Ongoing Project – The Davis Lar

The Davis Lar received their first child in June of 2001. photo04Today the Lar cares for 68 children and adolescents from ages 3 through 22 with a capacity to house 120.  The Lar utilizes homes with up to ten children or adolescents each, with house parents as the front line caregivers promoting positive development. Collaborative Lar programs include computer training, tutoring, local church participation, sewing, gardening, service opportunities and a new library program. Examples of youth preparing to move out and on include a cook, mechanic, and nurse. As one young lady says, “Without the Lar I could have been a prostitute like my mom, not a nurse.”

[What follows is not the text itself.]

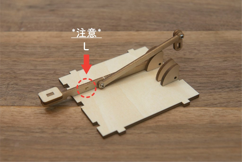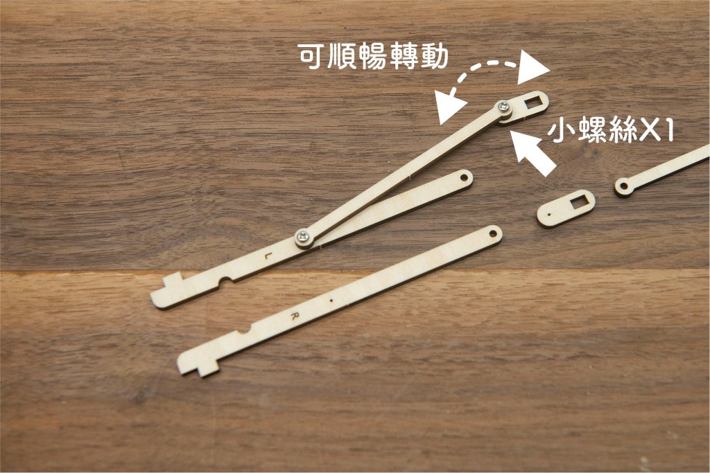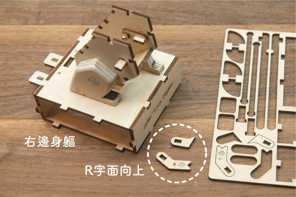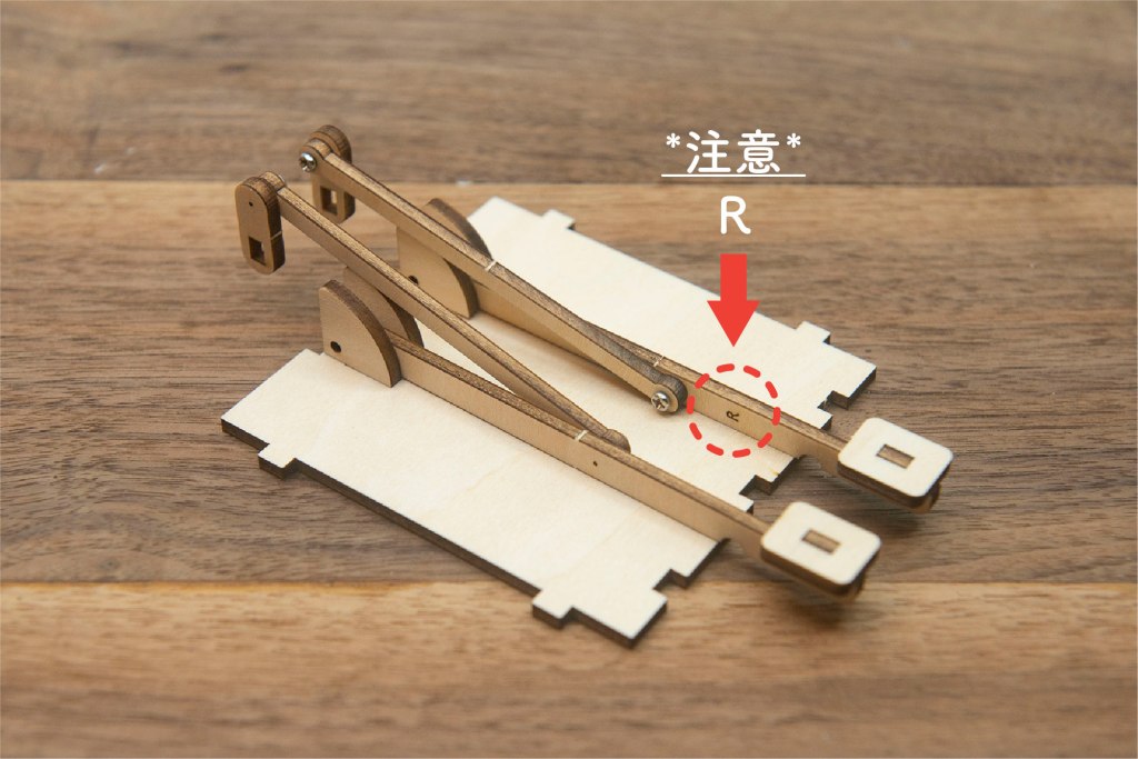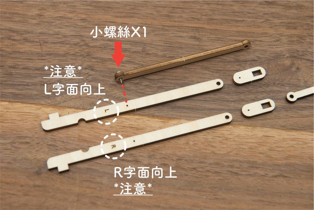 23/ 有L和R字樣的零件,字面朝上,小螺絲穿過木桿零件。

The Lar stands apart in the area of orphan care in Ceará and Brazil due to outcomes and continued investment and has become a reference for other institutions. The Lar does not age out adolescents at 18 as others do, but continues to invest until youth gain independence, utilizing two transition homes in the city. Furthermore, the Lar is participating in a research project designed to improve resilience factors and positive youth outcomes across cultures.